Видя эту всеобщую покорность и холопство русских вельмож, Бирон не церемонился с ними. Он открыто презирал их. Как сказал современник, этот внук конюха «с людьми обращался, как с лошадьми, а с лошадьми, как с людьми». Бирона как-то сильно растрясло, когда он проезжал по мосту в карете. Приехав в Сенат, он объявил сенаторам: если мост не починят, он положит самих сенаторов под колеса своего экипажа. Во время обедов во дворце Бирона главной забавой его детей было поливать чернилами платья гостей или, пробегая, сдергивать парики. Старший сын, Карл, париками не ограничивался – бегал по залам с бичом в руках и ловко хлестал по икрам приглашенных вельмож. Тем, кто возмущался, Бирон говорил: «Можете не появляться больше ко двору». Умные молчали, терпели и усердно исполняли отечественную гимнастику: «Ниже поклонишься – выше поднимешься».
Для охраны «спокойствия и порядка» в стране усердно работала Тайная канцелярия розыскных дел. За любое выражение недовольства Государыней или Бироном рвали язык или ноздри и гнали в ссылку.
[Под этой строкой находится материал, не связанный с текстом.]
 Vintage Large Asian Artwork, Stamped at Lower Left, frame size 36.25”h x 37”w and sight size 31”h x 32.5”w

Даже за ошибку в написании титула Государыни могли вырвать язык, конфисковать имущество и отправить в Сибирь.
«Успешный менеджер» Бирон понял, что атмосфера постоянного страха цементирует рабскую преданность власти. Впоследствии Бирон будет поучать Императора Петра Третьего: «Ваше Величество, вы слишком добры. Здесь это опасно. Здесь надо править кнутом или топором. Только тогда все довольны».
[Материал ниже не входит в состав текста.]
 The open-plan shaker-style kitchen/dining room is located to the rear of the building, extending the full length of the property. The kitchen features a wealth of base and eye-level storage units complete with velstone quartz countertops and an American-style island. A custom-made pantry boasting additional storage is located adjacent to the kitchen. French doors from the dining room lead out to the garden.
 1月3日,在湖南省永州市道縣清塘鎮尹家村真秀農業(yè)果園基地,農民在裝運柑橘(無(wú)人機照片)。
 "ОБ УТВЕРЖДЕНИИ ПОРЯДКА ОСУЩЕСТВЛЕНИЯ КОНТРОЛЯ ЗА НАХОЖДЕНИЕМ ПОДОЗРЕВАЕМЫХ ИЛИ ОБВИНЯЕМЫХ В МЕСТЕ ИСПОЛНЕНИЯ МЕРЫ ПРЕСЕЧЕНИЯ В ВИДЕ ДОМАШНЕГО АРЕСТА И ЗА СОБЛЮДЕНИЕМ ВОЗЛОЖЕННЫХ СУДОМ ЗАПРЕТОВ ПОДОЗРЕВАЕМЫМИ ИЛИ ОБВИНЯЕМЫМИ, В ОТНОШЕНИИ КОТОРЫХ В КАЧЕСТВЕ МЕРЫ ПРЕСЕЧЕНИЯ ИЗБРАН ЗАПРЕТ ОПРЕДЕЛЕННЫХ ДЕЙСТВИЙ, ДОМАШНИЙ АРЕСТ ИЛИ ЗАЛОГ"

Но кроме страха был еще один канат, привязывавший верхушку дворянства к Бирону.
Всеобщая коррупция
У верхушки общества возникла проблема. При Петре Первом вельможи, показывая свое благосостояние и щедрость, закатывали роскошные пиры. Пиры эти хозяину много не стоили – продукты он получал из своих обширных имений. Теперь же, чтобы поддержать престиж, требовались деньги. Роскошные кареты, туалеты жен и самих вельмож – на это доходов с имений не хватало. Надо было брать взятки, обирать казну или продавать собственность… При Петре Великом наказания за взятки были повседневностью. Царь безуспешно, но непрерывно боролся с ними. Взяточника ждали в лучшем случае петровская дубинка или ссылка с конфискацией имущества. Но часто – плаха. При Бироне наказания за взятки стали редкими. Взяточников разоблачали, только когда следовало расправиться с политическим противником. Взятки и коррупция – часть жизни Государства. «Трудом праведным не наживешь палат каменных» – говорила народная пословица. Всего-то и надо – быть верным Бирону, холопствовать. Все то же: «ниже поклонишься – выше поднимешься». Роскошь двора, воровство и коррупция вельмож, участников «сладкой жизни», помогали править Бирону.
Курляндский повелитель
Итак, через пару лет после восшествия Анны на престол столица была вновь перенесена в Петербург… Императрица очень не хотела покидать матушку Москву с родным Измайловом и добрым климатом и переселяться в построенный на болотах Петербург с его грозными наводнениями. Где, как напишет поэт,
Но фаворит настоял.
Возврат в Петербург был вызван отнюдь не страхом Бирона перед родовитейшим дворянством, обосновавшимся в Москве. Уже после первых ссылок Долгоруких и опалы Голицына высшее сословие пребывало в покорности. Все было проще. Бирон начал битву за главную мечту жизни – стать повелителем на родине, где прозябали в ничтожестве его предки. Он хотел быть поближе к родным местам – к Курляндии, откуда продолжал течь поток эмигрантов на выгодные должности в Россию. Бирон подкупал их, сажая на самые хлебосольные места. Но тщетно – курляндское дворянство упорно не хотело видеть его своим герцогом. Курляндским герцогом был в это время старый Фердинанд, дядя покойного мужа Анны Иоанновны.
Бирон ждал. Он знал: как только старик умрет, трехсоттысячная русская армия и мощь Государства величиной с полсвета научат курляндцев, как сделать правильный выбор.
Так и случилось. Реальная угроза могучего детища Петра – русской армии – «уговорила» курляндское дворянство. Безродный Бирон стал курляндским герцогом. Теперь слухи о том, что «придворный еврей» Липман оказывает на Бирона влияние, были ни к чему. И новый герцог поработал над своим имиджем. Последовали его первые указы: «чтобы все евреи, уплатив налоги, покинули герцогство ко Дню святого Иоанна – 8 марта 1740 года».
А как же Липман? Он остался на всех своих должностях. Бирон мог сказать то, что впоследствии сформулировал другой немец, Геринг: «Это я буду определять, кто у нас еврей, а кто нет».